DIRECTIONS FOR THIS TASK >> Images are not wanted; transcribe the rest of the listing exactly.

== RECORDS SUPPLIED

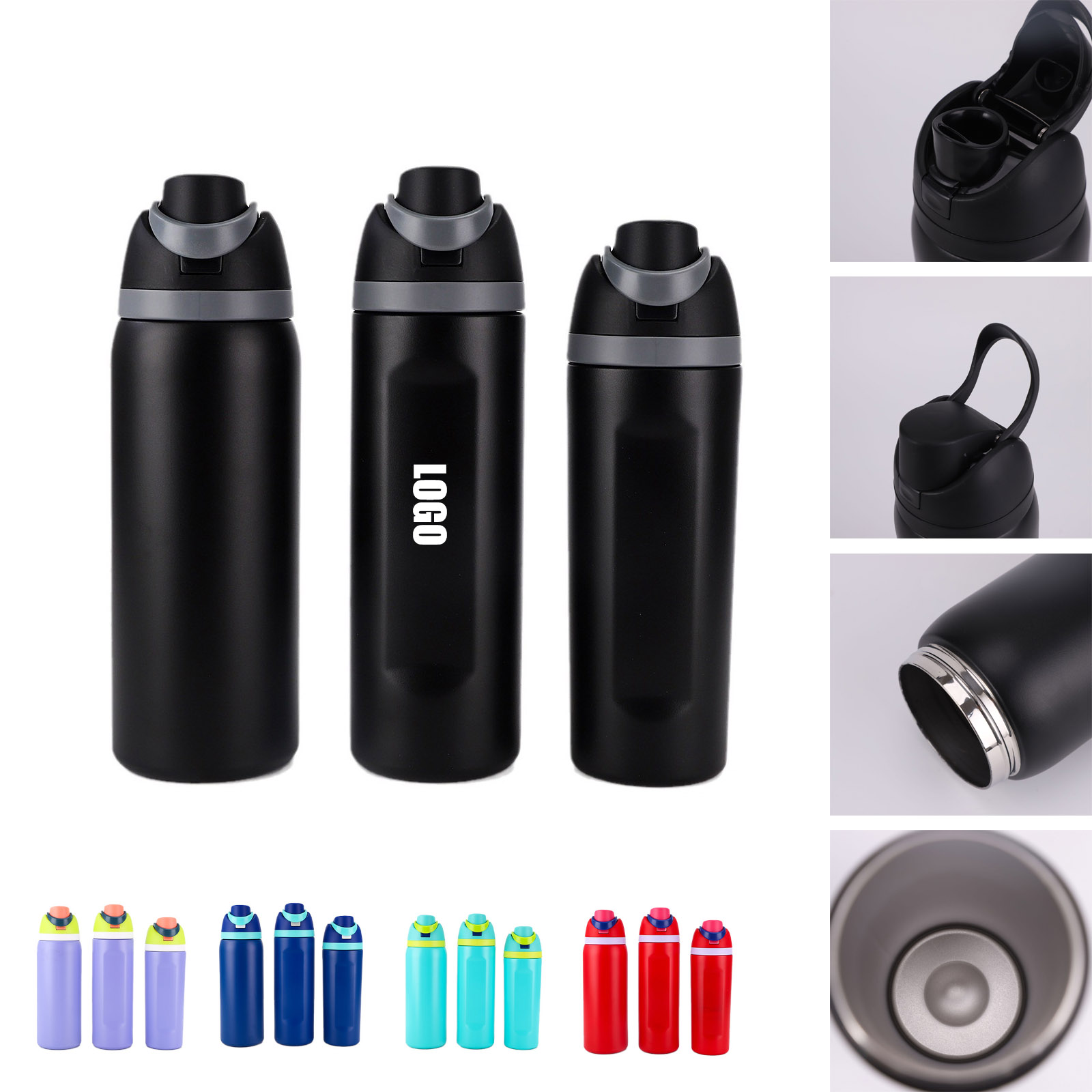24oz insulated stainless-steel water bottle with a two way drinking spout and push-button lid with lock. The spout designed for either sipping upright through the built-in straw or tilting back to swig from the spout opening. Protective push-to-open lid keeps spout clean, convenient carry loop doubles as a lock. Custom logo and custom color bottle is available. Laser engraved, silksreen or full color logo. Price is based on laser logo and silksreen logo. We also have different valume for choice. Welcome to inquiry us for details!
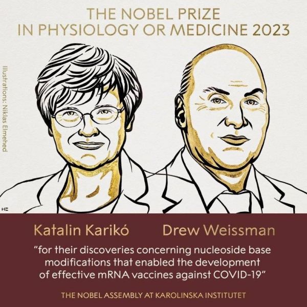 北京时间 2023 年 10 月 2 日,瑞典卡罗琳医学院宣布,将 2023 年诺贝尔生理学或医学奖授予 Katalin Karikó 和 Drew Weissman 以表彰他们在“关于核苷碱基修饰的发现,使开发针对 COVID-19 的有效 mRNA 疫苗成为可能”。
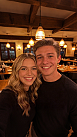 {"scene_description":"A wide-angle cinematic shot of a young couple dancing in a heavy snowstorm at night. The woman is positioned on the left of the frame, the man on the right, on a thick, textured blanket of white snow.","subjects":{"woman":{"action":"Twirling gracefully, holding the hem of her dress with one hand and the man's hand with the other.","attire":"Elegant off-the-shoulder white wedding gown with a full, flowing silk skirt and long sheer sleeves.","appearance":"Use uploaded female character, lock face + hair color, do not lock hairstyle/makeup/expression, smiling joyfully."},"man":{"action":"Leading the dance, holding the woman's hand while stepping forward slightly.","attire":"Tailored classic black suit with a white dress shirt.","appearance":"Use uploaded male character, lock face + hair color, do not lock hairstyle/makeup/expression."}},"environment":{"ground":"Deep, powdery snow with visible footprints and soft undulations.","atmosphere":"A heavy blizzard with thick, elongated white snowflakes falling diagonally across the frame.","background":"A dark, void-like night sky that creates a sharp contrast with the brightly lit foreground."},"lighting_and_color":{"lighting_style":"High-key spotlighting from above, creating a glow on the subjects and the snow while leaving the background in deep shadow.","color_palette":"Monochromatic contrast of stark whites, deep blacks, and neutral grays.","mood":"Romantic, ethereal, and dramatic."},"technical_specs":{"aspect_ratio":"2:3 (vertical)","camera_angle":"Eye-level, medium-wide shot.","focal_details":"Soft focus on the falling snow to create a sense of motion blur, while the subjects remain the primary focal point."}}
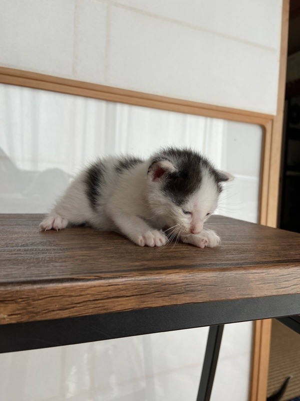 | 特徴(性格など) | 白黒・ハチワレのかわいい3兄弟です。全員男の子です。 離乳前ベビーなので、離乳後、もしくは離乳食からご対応いただける方を募っています。 みんなとっても可愛いお顔で、よちよち歩きがたまりません╰(*´︶`*)╯♡ 我が家、もしくはかかりつけの動物病院で受け渡しが可能です。よろしくお願いします。 |
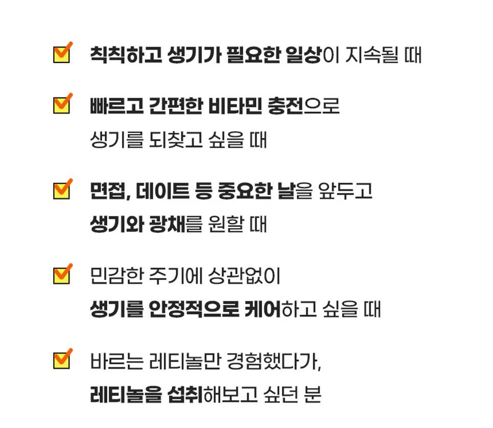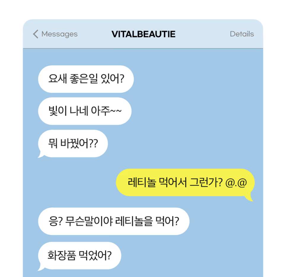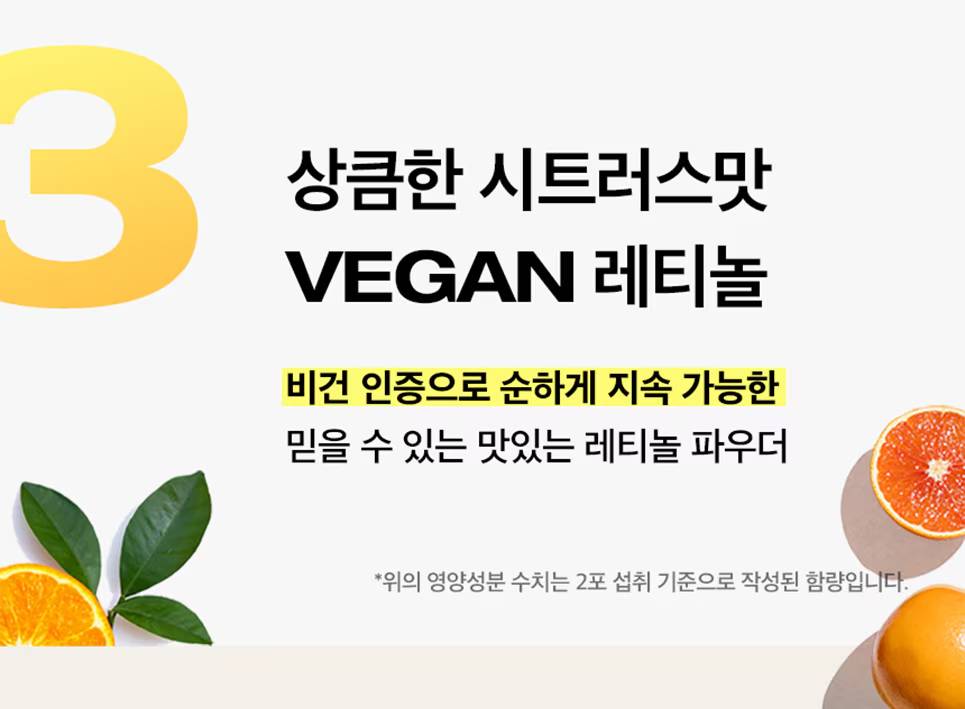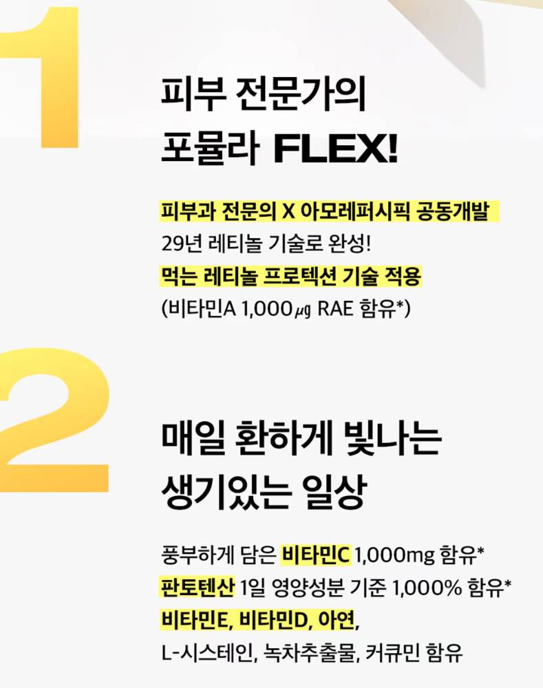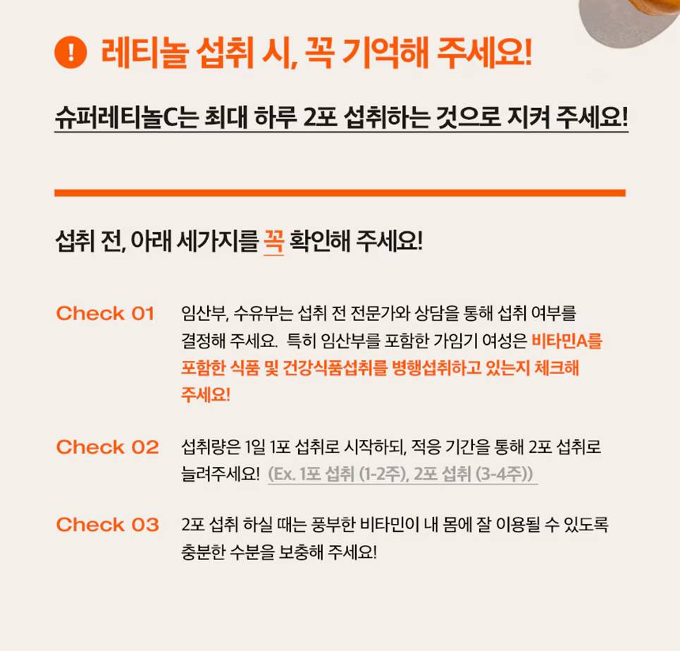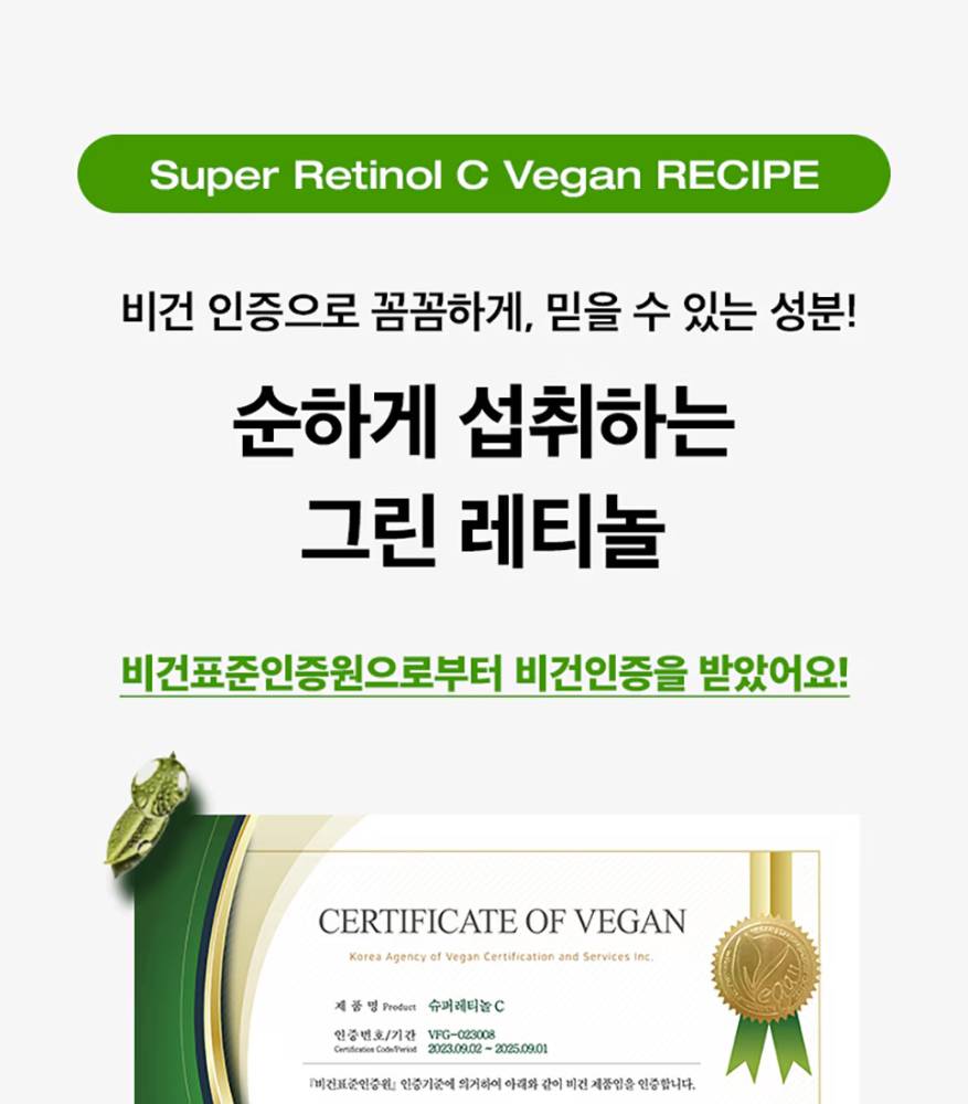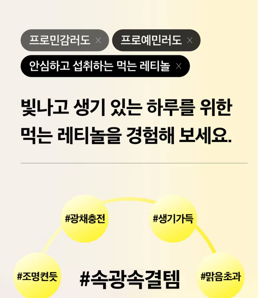 Гоо сайхны нэмэл бүтээгдэхүүн. Ретинол (витамин A) + Витамин C + цайр зэрэгийн холимог нь арьсны өнгө сэргэх, эсийн нөхөн төлжилтийг дэмжих, “гялалзсан” арьсыг бий болгоход тусалдаг.
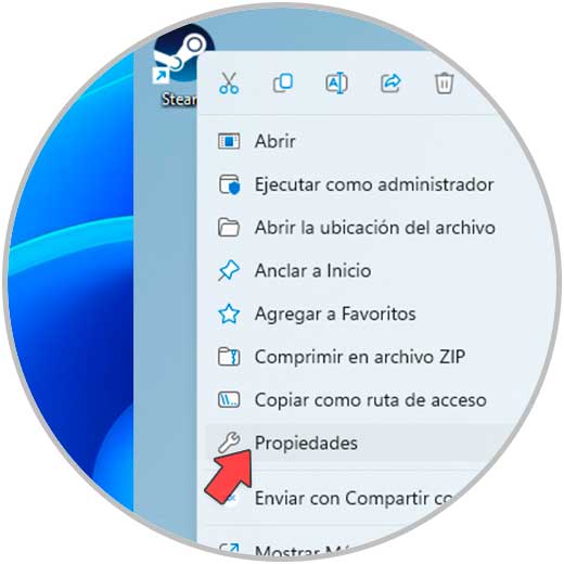 Otra causa del error en Steam es una mala configuración, una de estas son los permisos asignados, para descartar esto, damos clic derecho sobre el acceso directo de Steam y seleccionamos “Propiedades”:

====

REPLY TO THE EXERCISE >>
24oz insulated stainless-steel water bottle with a two way drinking spout and push-button lid with lock. The spout designed for either sipping upright through the built-in straw or tilting back to swig from the spout opening. Protective push-to-open lid keeps spout clean, convenient carry loop doubles as a lock. Custom logo and custom color bottle is available. Laser engraved, silksreen or full color logo. Price is based on laser logo and silksreen logo. We also have different valume for choice. Welcome to inquiry us for details!
 北京时间 2023 年 10 月 2 日,瑞典卡罗琳医学院宣布,将 2023 年诺贝尔生理学或医学奖授予 Katalin Karikó 和 Drew Weissman 以表彰他们在“关于核苷碱基修饰的发现,使开发针对 COVID-19 的有效 mRNA 疫苗成为可能”。
 {"scene_description":"A wide-angle cinematic shot of a young couple dancing in a heavy snowstorm at night. The woman is positioned on the left of the frame, the man on the right, on a thick, textured blanket of white snow.","subjects":{"woman":{"action":"Twirling gracefully, holding the hem of her dress with one hand and the man's hand with the other.","attire":"Elegant off-the-shoulder white wedding gown with a full, flowing silk skirt and long sheer sleeves.","appearance":"Use uploaded female character, lock face + hair color, do not lock hairstyle/makeup/expression, smiling joyfully."},"man":{"action":"Leading the dance, holding the woman's hand while stepping forward slightly.","attire":"Tailored classic black suit with a white dress shirt.","appearance":"Use uploaded male character, lock face + hair color, do not lock hairstyle/makeup/expression."}},"environment":{"ground":"Deep, powdery snow with visible footprints and soft undulations.","atmosphere":"A heavy blizzard with thick, elongated white snowflakes falling diagonally across the frame.","background":"A dark, void-like night sky that creates a sharp contrast with the brightly lit foreground."},"lighting_and_color":{"lighting_style":"High-key spotlighting from above, creating a glow on the subjects and the snow while leaving the background in deep shadow.","color_palette":"Monochromatic contrast of stark whites, deep blacks, and neutral grays.","mood":"Romantic, ethereal, and dramatic."},"technical_specs":{"aspect_ratio":"2:3 (vertical)","camera_angle":"Eye-level, medium-wide shot.","focal_details":"Soft focus on the falling snow to create a sense of motion blur, while the subjects remain the primary focal point."}}
 | 特徴(性格など) | 白黒・ハチワレのかわいい3兄弟です。全員男の子です。 離乳前ベビーなので、離乳後、もしくは離乳食からご対応いただける方を募っています。 みんなとっても可愛いお顔で、よちよち歩きがたまりません╰(*´︶`*)╯♡ 我が家、もしくはかかりつけの動物病院で受け渡しが可能です。よろしくお願いします。 |
 Гоо сайхны нэмэл бүтээгдэхүүн. Ретинол (витамин A) + Витамин C + цайр зэрэгийн холимог нь арьсны өнгө сэргэх, эсийн нөхөн төлжилтийг дэмжих, “гялалзсан” арьсыг бий болгоход тусалдаг.
 Otra causa del error en Steam es una mala configuración, una de estas son los permisos asignados, para descartar esto, damos clic derecho sobre el acceso directo de Steam y seleccionamos “Propiedades”:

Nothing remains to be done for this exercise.